Optical methods in modeling nicotine effect on the surface water of cell membranes

Fluorescence and spectrophotometric methods have been used for investigation of nicotine action on the state and mobility of the surface water. The surfaces of membranes and proteins were simulated with the help of liposomes and ultradispersive diamonds consequently. Nicotine was shown to reduce the stability of liposomes and to change the aggregative ability of ultradispersive diamonds. The wave-like curves for the nicotine concentration dependences of the pointed features were observed. Such shape of responses was suggested to be due to the changing in structure and dynamics of water hydrogen bonds net near the surface of the model systems induced by nicotine molecules. The surface water phase was supposed to be one of signal elements ofthe ligand receptor recognition process.

Computer simulation of structure and mobility of water hydrogen bonds net in aqueous solutions of some chemical compounds

Computer simulation of aqueous solutions of some biological active and inactive compounds has been carried out. Molecular dynamics method and TIP3P potential were used. The parameters of hydrogen bonds net were calculated by using the developed computer program. The simulation showed that relatively large clusters of water molecules appeared and the average number of hydrogen bonds decreased in the aqueous solutions of biological active compounds. It points to the fact that these compounds may induce the phase k-transition in the surrounding water. Molecular mechanisms ofthese effects are discussed.

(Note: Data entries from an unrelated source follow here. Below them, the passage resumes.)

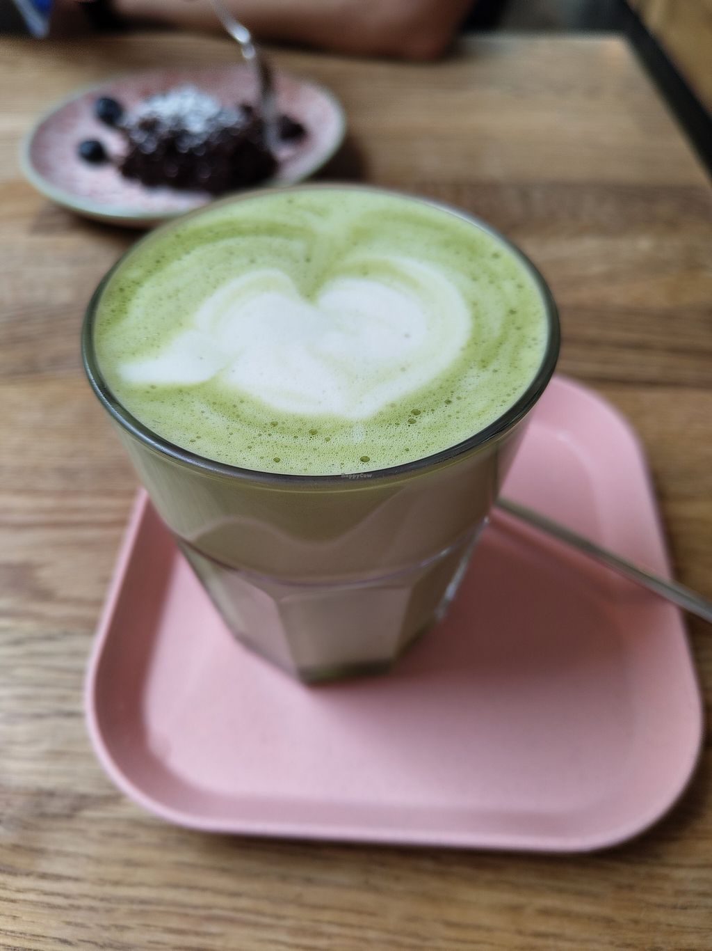Der Matcha Haferlatte mit Pumpkinspice, Karottenkuchen und Brownie sind empfehlenswert.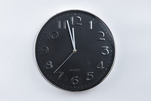 Generic - ساعة حائط دائرية كلاسيكية تعمل بالبطارية بحركة عقارب صامتة دون تكتكة - اسود (موديل:SWI538)، بلاستيك معدن الومنيوم، تناظري
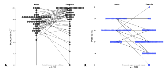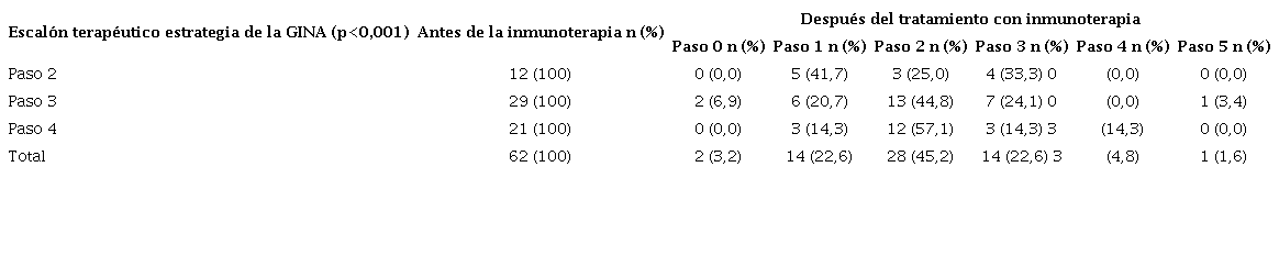 Al evaluar el tratamiento para el asma según el grado de la GINA, se encontró que ningún paciente se encontraba en el paso 1 de tratamiento, 19,4 % (n=12) estaba en el paso 2, el 46,8 % (n=29) en el paso 3, el 33,8 % (n=21) en el paso 4 y ningún paciente estaba en el paso 5. En la evaluación posterior al inicio de la inmunoterapia, el 3,22 % (n=2) no recibía ningún medicamento para el asma, el 22,6 % (n=14) estaba en el paso 1, el 45,2 % (n=28) en el paso 2, el 22,6 % (n=14) en el paso 3, el 4,8 % (n=3) en el paso 4 y el 1,6 % (n=1) en el paso 5 (cuadro 2). Se observó que antes del inicio de la inmunoterapia la mayoría de los pacientes evaluados (80,6 %) estaba en los pasos 3 y 4 de gradación de la GINA, y en el momento de la evaluación posterior, la mayoría (67,6 %) estaba en los pasos 1, 2 y 3. Estos resultados fueron estadísticamente significativos (p=0,001) (figura 2B).

Optical methods for creating delivery systems of chemical compounds to plant roots

Spectrophotometric and fluorescence methods have been used for creation and investigation of various systems of target delivery of chemical compounds to roots of plants. The possibility of using liposomes, incrusted by polysaccharides of the external surface of nitrogen-fixing rizospheric bacteria Azospirillum brasilense SP 245, and nanoparticles incrusted by polysaccharides of wheat roots, as the named systems has been shown. The important role of polysaccharide-polysaccharide interaction in the adsorption processes of bacteria on wheat roots has been demonstrated.

Computer simulation and experimental study of the polysaccharide-polysaccharide interaction in the bacteria Azospirillum brasilense Sp245

We have studied the conformational properties and molecular dynamics of polysaccharides by using molecular modeling methods. Theoretical and experimental results of polysaccharide-polysaccharide interactions are described.